We suggest that the degree of difficulty for detecting a deviant stimulus is represented by a probability function that is constrained by the difference in both frequency and latency of the theta-1 and theta-2 components and by the latency and coupling strength of the beta–gamma and theta-1 components. Specifically, the process of deviance detection in an oddball paradigm can be characterized by a measure that is proportional to the surprise, S:
$$S \propto - { \log }\left( {\frac{\partial F}{C\partial T}} \right)$$
where \(\partial F\) is the probability of a difference in frequency between theta-1 and theta-2, and \(C\partial T\) is the probability of a latency difference between theta-1 and theta-2 multiplied by a constant, C, which accounts for the latency of the CFC effect. This equation suggests that the spectral-temporal difference between theta-1 and theta-2 reflects the amount of information in the stimulus that was different than expected.

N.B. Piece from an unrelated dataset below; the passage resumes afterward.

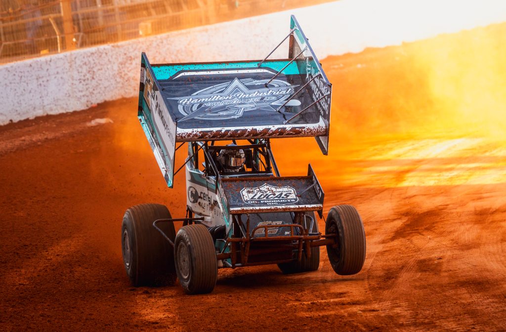 “I went from fourth to second pretty quickly, and that got me up there. Racing for the lead with Insley, I showed him the bottom (lane) and then I had to work out another way to get around him,” says Fabish.

Experimental and clinical implications

The results reported here have implications for future experimental research utilizing an oddball paradigm, as well as for the clinical application of such methods. A key difference in our results and previous results is that spectral-temporal modulations are defined by a probability function instead of by measures of power or coherence. In this way, the MMR TF represents a complex wave function that “collapses” upon observation [57]. Considering the MMR TF as a wave function has implications for how we might interpret results from these experiments. If the wave function represents the probability of an observation, then the actual response during any given trial can appear anywhere within that function. Thus, for any single trial there is a significant amount of uncertainty as to whether such a response did occur, but after multiple observations we gather information to support some probability that the response can occur.

One interpretation of this probabilistic view is that any single-trial analysis of oddball responses must rely on some a priori information about the underlying system [58]. Fortunately, such an assumption provides a basis of support for implementing machine-learning methods for single-trial analyses. In this study, we chose the modified DISATIS algorithm because, mathematically, this approach acts as a precursor for kernel-based methods such as kernel-PCA, kernel-ICA, and support vector machines. Therefore, defining these responses as a probabilistic wave function provides considerable insight into how a machine learning approach might be implemented in future experiments. Unfortunately, such assumptions also infer a lower limit on the number of observations needed to achieve certainty for the probability function.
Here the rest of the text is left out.